The Nashville Symphony Orchestra offers college students a chance to enjoy select performances for $10 per ticket.
In an effort to “engage and enrich people of all ages by exploring, experiencing and creating music,” the symphony created its SoundCheck program.
Students must register with the program and supply a copy of their current class schedule to verify that they are actively enrolled. Once the application is approved, the students may purchase tickets to select concerts throughout the season.
Volunteer State Community College instructors have incorporated the symphony’s performances into their curriculum. Lynn Peterson, professor of music, requires his music appreciation students to attend.
“I am so thankful that the symphony has the SoundCheck program. There are concerts that I would not have the great pleasure of enjoying if it weren’t for SoundCheck,” said Janie Bressee.
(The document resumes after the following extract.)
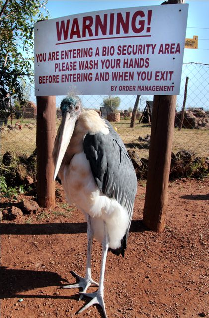 Our final stop at the reserve was a kind of zoo area, where there is also a small restaurant and a children’s play area. There were several marabou storks on guard at the entrance.

The symphony, led by conductor Giancarlo Guerrero, performs 140 concerts each year. It has received 13 nominations and six Grammy awards for its recordings.
The Nashville Symphony broke ground on the $123.5 million Schermerhorn Symphony Center in 2003. It opened on Sept. 9, 2006.
The flooding in May, 2010 caused over $42 million in damage to the Schermerhorn. According to the Tennesseean, “The flood put 5.25 million gallons of water into the building; it rose to 24 feet — just four inches short of reaching the concert hall.” The waterline is still visible on the basement walls.
The hall was closed until New Year’s Eve of that year; the symphony performed at alternate locations in the interim.